Подруга немного ворчит:
— Некоторые девчонки одеты почти проститутками. В Европе их бы так и поняли.
— На вашем гнилом Западе одежда менее зовет к сексу?
— Конечно. Там меньше необходимости отдаться, чтобы продаться. А здесь такое ощущение, что все надо успеть к двадцати. Ну к двадцати пяти максимум.
— Чего успеть?
— Совершить главную сделку жизни — найти оптового долгосрочного спонсора. Судя по одежде можно понять, сколько именно придется потратить на каждую. А европеец — скуп. К тому же их женщинам удобнее заработать самим.
— И выглядеть как черт знает кто…
— И выглядеть как черт знает кто, которому удобно выглядеть черт знает кем. Они делают исключение — когда захотят. Просто одежка-в-обтяжку, топики, мини-юбки не считаются униформой любого дня.
Бывает: сетую на плохие условия. Мол, нет условий для творчества, и т. п. А какие тебе условия — кроме чисто физических: поесть, поспать, и чтобы не били палкой? Вспоминаю, что Набоков писал свой «Дар», сидя на унитазе. Больше было негде. И написал — целый «Дар». А ты, блин? Помогает плохо. Но все равно: надо вспоминать Набокова. Еще можно сравнить условия Моцарта и Сальери…
Сидим в красноярском ресторане с Толиком, московским поэтом, подрабатывающим тут копирайтером. Толик угощает. Мне звонит знакомая девушка. Зовет в гости, но в итоге зовется сама. Девушка с парнем, тот с бритой головой и еще каким-то кентом. Толик угощает всех.
— В случае чего отобьемся? — шепчет он мне, разливая под рыбу водочку, — али нет?
Во как. Центральную Сибирь угощают не абы как, а с риском для жизни. Вдруг чего-нибудь откусит.
В большой квартире в Красноярске жили приезжие «специалисты от оппозиции», двое левых и двое правых. Все очень не любили Путина, и неплохо относились друг к другу.
Как-то утром захожу в гости. Меня зовут к завтраку.
— На нормальную квартиру в Москве, — говорит правый, — надо работать уже года три. Абзац какой-то.
— Ничего, — отвечает левый, — когда мы придем, в Москве станет много пустых квартир.
— Только нас не трогайте.
Так и сидели, с шутками-прибаутками.
Потом левого товарища, говорившего про квартиры, немного арестовали. И он немного посидел в тюрьме.
А от правого товарища у меня есть фиолетовый шарф.
— Наша революция, — сказал он, — будет не оранжевой, а фиолетовой. Так благородней.
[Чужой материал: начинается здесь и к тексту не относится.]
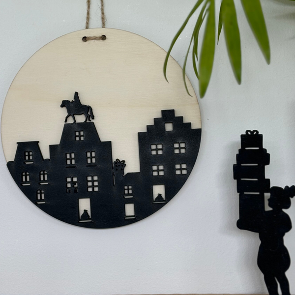 Dit leuke ronde houten bord is een echte blikvanger tijdens de Sinterklaas periode. Leuk om voor het raam te hangen of op de vensterbank te zetten. Mogelijk met een naam of tekst.
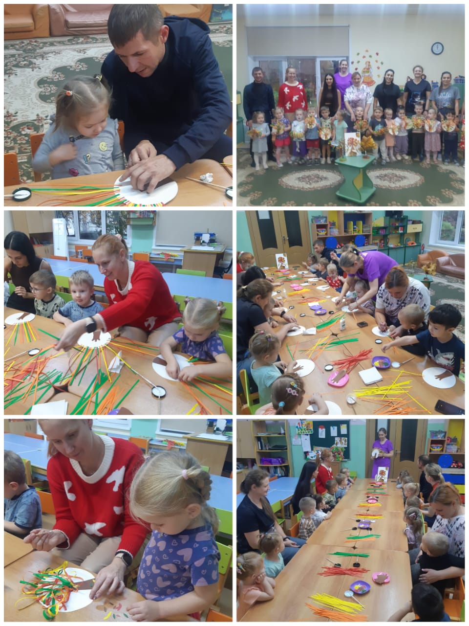 Каждый старательно наклеивал разноцветные листочки (полосочки) на дерево, создавая неповторимую осеннюю композицию.

Потом знак революции носила моя подруга.
Гордиться можно, при желании, чем угодно. Я вот, например, горжусь китайской рубахой. Она у меня антикварная. Дедушка носил ее в 1940-е после Великой Отечественной войны. И вот потом я. Еще в 1999 году меня спрашивали — где купил такую славную вещь? Я подробно, с чувством за цельно прожитые годы, все объяснял… И никто не заметил, что я не прав. Народ тоже хотел китайских рубах.